Sering menggunakan lilin dengan gliserin tidak akan membahayakan, tetapi ini tidak berarti Anda dapat menyalakan lilin setiap saat.
Ada risiko bahwa tubuh dapat bereaksi terhadap prosedur ini dengan retakan di usus atau perkembangan wasir baru.
Di hadapan konstipasi kronis, supositoria gliserin harus disuntikkan setiap hari, sebaiknya tepat setiap hari. Sudah di hari ke 10 pemakaian, pasien merasa lega saat buang air besar.
Bagaimana lilin bekerja?
Paling sering, wasir diamati pada orang yang memiliki masalah dengan buang air besar.
Merupakan kebiasaan untuk menggunakan supositoria untuk memfasilitasi proses ekskresi tinja jika terjadi konstipasi. Supositoria memicu kontraksi otot-otot anus, yang berkontribusi pada pelepasan tinja yang cepat.

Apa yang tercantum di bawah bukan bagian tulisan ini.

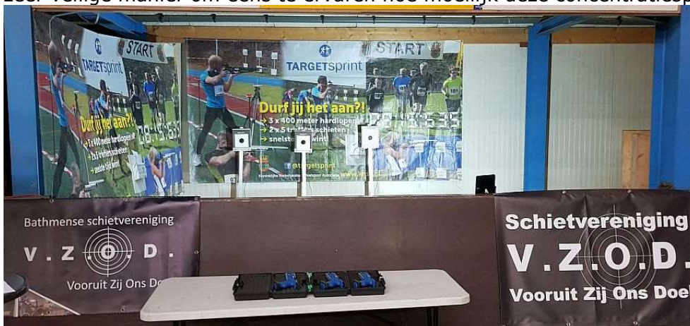
De opvallende stand van de VZOD

Afgelopen 17 november waren we weer present op de Winterfair in de manage om Sinterklaas binnen te halen. We staan altijd op een mooie plek om de schietsport te promoten. Dit keer hadden we de beschikking over drie laser pistolen. Een leuke, en zeer veilige manier om eens te ervaren hoe moeilijk deze concentratiesport is.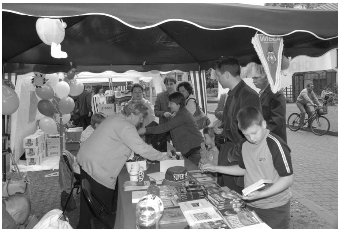
Przy stoliku loterii fantowej zorganizowanej przez Stowarzyszenie Chorych na Reumatyzm ciągle było tłoczno.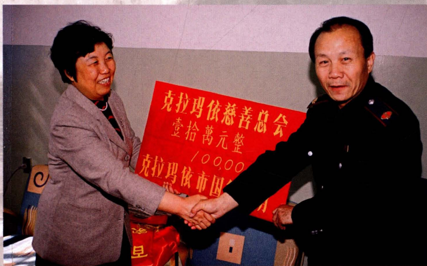
2001年3月28日，市国税局向克拉玛依市慈善机构捐款。

Gliserin memiliki efek positif pada benjolan dan celah di daerah anus.
Zat ini mampu menahan cairan dalam jaringan dan mencegah pengeringan berlebihan pada selaput lendir.
Selain itu, menyembuhkan kulit yang terluka. Jika tinja yang mengeras tidak menekan benjolan, maka penyakitnya tidak akan berkembang lebih lanjut. Ini menunjukkan bahwa seseorang harus dengan segala cara yang mungkin mencegah perkembangan sembelit.

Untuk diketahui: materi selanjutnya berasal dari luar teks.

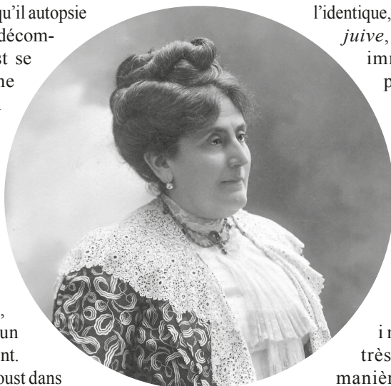
L'un des derniers portraits par Nadar

En même temps qu'il autopsie une société en décomposition, Proust se consacre à une exploration vertigineuse qui le relie à un autre Juif, son contemporain, Freud. Cette part inexplorée de nous-même qui les absorbe l'un et l'autre, Freud lui donne un nom, l'inconscient. La plongée de Proust dans

Prinsip lilin adalah sebagai berikut:
- Ketika diberikan, cangkang obat larut.
- Kemudian feses menjadi lunak.
- Air dan karbon dioksida terbentuk.
- Selaput lendir usus teriritasi.
- Kontraksi otot usus meningkat.
- Orang tersebut merasakan dorongan untuk buang air besar.

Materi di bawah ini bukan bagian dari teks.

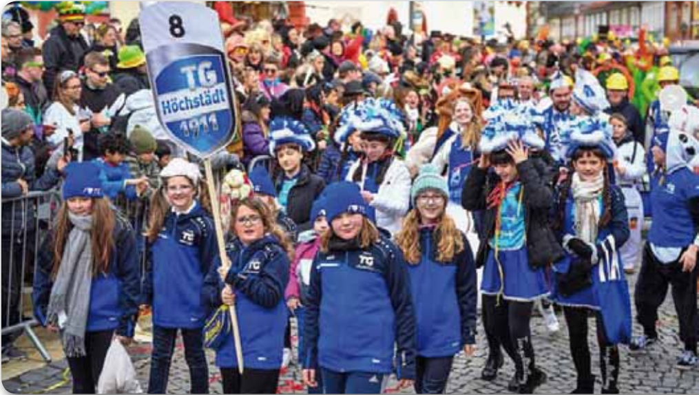
2020: TG Höchstädt beim Rawetzer Narrenzug

Seperti yang diperlihatkan oleh praktik, supositoria gliserin adalah obat yang terbukti untuk pengobatan wasir dan agen profilaksis untuk patologi yang disertai dengan sembelit.
Kontraindikasi dan efek samping
Penggunaan supositoria dubur jarang memicu munculnya efek samping. Banyak pasien telah mendapat manfaat dari supositoria gliserin, yang memiliki banyak manfaat.
Namun, meskipun demikian, mereka dapat memicu diare, nyeri akibat pemberian supositoria dan iritasi pada selaput lendir, jika Anda tidak bertindak sesuai petunjuk.
Jika efek samping ini muncul, Anda harus melakukan enema dengan minyak sayur atau zaitun. Minyak persik juga dapat membantu meredakan rasa sakit.
Ada beberapa kontraindikasi utama untuk penggunaan supositoria yang mengandung gliserin. Mereka adalah sebagai berikut:
- Neoplasma di rektum.
- Proses peradangan di usus atau anus.
- Pendarahan dari microcracks.
- Kecenderungan alergi.
- Intoleransi individu terhadap komponen obat.
Setiap tahap penyakit tidak boleh diabaikan. Konstipasi kronis seringkali menjadi pemicu penyakit ambeien.
Dalam hal ini, supositoria dengan gliserin adalah metode pengobatan yang efektif. Banyak orang bertanya-tanya apakah mereka dapat digunakan selama kehamilan atau selama terapi untuk anak kecil.
Supositoria gliserin untuk wasir sama sekali tidak berbahaya, oleh karena itu boleh ditempatkan pada usia dan posisi berapa pun.